Metal–organic polyhedra (MOPs) are hybrid molecular complexes assembled by coordination linkages.[1] These supramolecular cages feature intrinsic molecular porosity, which makes them attractive in host–guest recognition,[2,3] separation,[4,5] storage,[6] and catalysis.[7] Compared with extended porous solids such as metal–organic frameworks (MOFs), covalent organic frameworks (COFs), and zeolites, MOPs are relatively unexplored and represent a rapidly growing class of porous molecular solids.[8] Their molecular nature can ease their processability for integration into membranes[9] or synthetic channels.[10] However, permanent porosity in MOPs is still less common because of the difficulties in designing robust cages that display porosity after guest removal. Even though the assembly of cages with prefabricated porosity can be controlled with the symmetry and directionality of metal–organic nodes,[11] the accessible porosity also depends on their packing in the solid state, which is controlled by intermolecular interactions that are much weaker than the directional bonding in extended networks.

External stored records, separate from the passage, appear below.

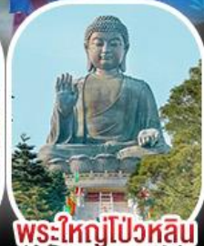
พระใหญ่โป่วหลิน
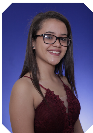
Maria Helena Sá e Brito EMEFM Maestro M. Pietrobon
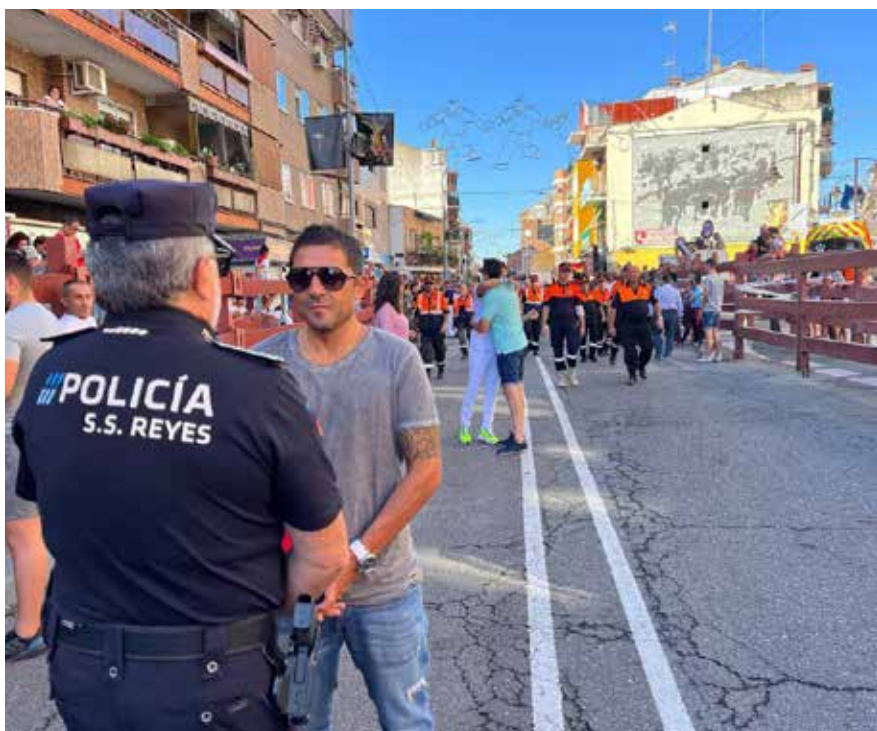
▲ La seguridad ciudadana ha sido una de las máximas apuestas de las fiestas.
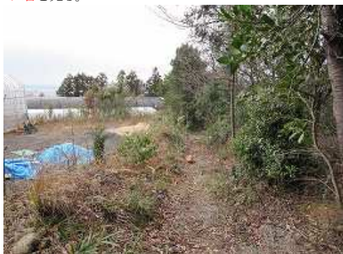
人家が左手に現れてきた。
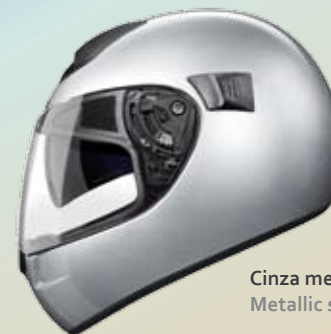
Cinza metalizado Metallic silver
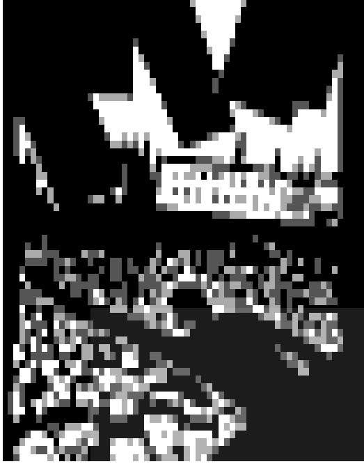
చిత్రం 18.8: కార్మికుల సమావేశాన్ని చూపిస్తున్న చిత్రం

అదేవిధంగా 1919లో జీవన వ్యయం పెరుగుతోంది కానీ కార్మికుల వేతనాలు మాత్రం పెరగటం లేదు. దాంతో ముంబయిలోని అన్ని కర్మాగారాల కార్మికులు సమ్మె చేయటం వల్ల 12 రోజులపాటు మిల్లులు పని చేయలేదు.
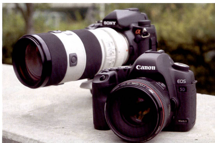
Avec l'arrivée du Sony \alpha 900 dans la catégorie des plus de 20 MPix, la concurrence dans ce segment risque de se durcir. A droite, le tout nouveau Canon EOS 5D Mark II doté de la fonction vidéo.

Avec son \alpha 900, Sony ne réalise pas un exploit technique, mais bat un nouveau record de prix. Jamais 24 mégapixels n'auront été si abordables. Canon, de son côté, repousse les limites de l'innovation en intégrant une fonction vidéo Full HD à son EOS 5D Mark II 21 mégapixels.
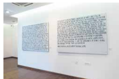
Detalji postava izložbe „Grupa OHO (1962 – 1971)“ u Galeriji Zuccato u Poreču, 2019. g.

novi OHO grupe stvarali, a osim njega stvarali su vizualnu i konkretnu poeziju, objavljivali OHO publikacije, izvodili performanse, akcije u urbanim prostorima, i mogu se u tome aspektu povezati s drugim srodnim praksama poput Fluxusa.
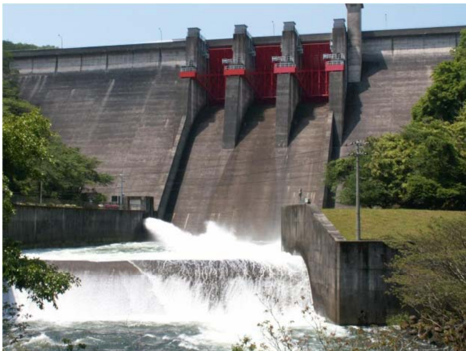
利水放流設備（バルブ）による放流（約 13\text{m}^3/\text{s} ）の状況
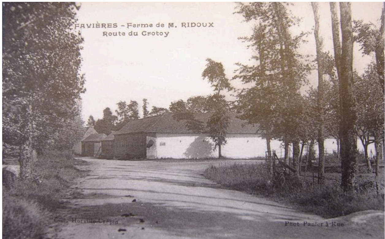
Vue de la ferme au début du 20e siècle.
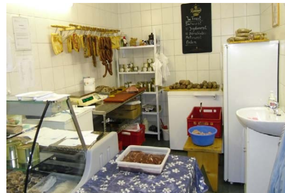
Blick in die kleine Ladentheke

This is evidenced by the small number of surface areas measured for metal–organic cages.[8] Among the 120 Brunauer–Emmett–Teller (BET) surface areas reported since 2005,[12] only 10 reach the 1000 m2·g–1 limit up to the maximum value of 1320 m2·g–1 reported in 2019.[13] Analysis of these examples reveals the predominance of cuboctahedral (cuo) and octahedral (oct) cages assembled from bent dicarboxylic acid ligands and bimetallic paddlewheel units. Like the case of extended reticular solids, further advancement of the field will be fueled by expanding the toolbox of organic linkers, metals, and node geometries for the assembly of robust porous polyhedra. Close to 90% of the MOPs reported are based on clusters with high nuclearity reminiscent of the secondary building units in MOFs. Even though the design of mononuclear cages is common in supramolecular chemistry, they hardly display permanent porosity. This problem is associated with the use of soft N-donor linkers that render weak metal–linker joints more prone to collapse. The use of higher-pKa imidazolates as connectors has proven to be successful in directing the assembly of porous cages with In3+ (MOC-2)[14] and Pd2+ (MOP-100).[15] We argued that this same concept could be extended to polycarboxylate linkers by replacing carboxylic groups with hydroxamic groups. This siderophore-type chelating agent combines coordination modes similar to those for carboxylate with stronger bonds with some transition metal ions. We recently reported the formation of a porous titanium–organic framework by the use of benzene-1,4-dihydroxamic acid (p-H4bdha).[16] MUV-11 displayed excellent chemical stability as result of the formation of octahedral Ti(IV) mononuclear chelates. This same chelate was also used by Tezcan to design a 3D framework built from exceptionally stable [Fe4(m-H2bdha)6] nodes,[17] reminiscent of the hydroxamate supramolecular cages first reported by Raymond with Fe(III).[18] Also, the use of highly charged metals such as Zr or Ti(IV) is accepted as an ideal choice for the assembly of chemically stable cages from robust linkages.[19]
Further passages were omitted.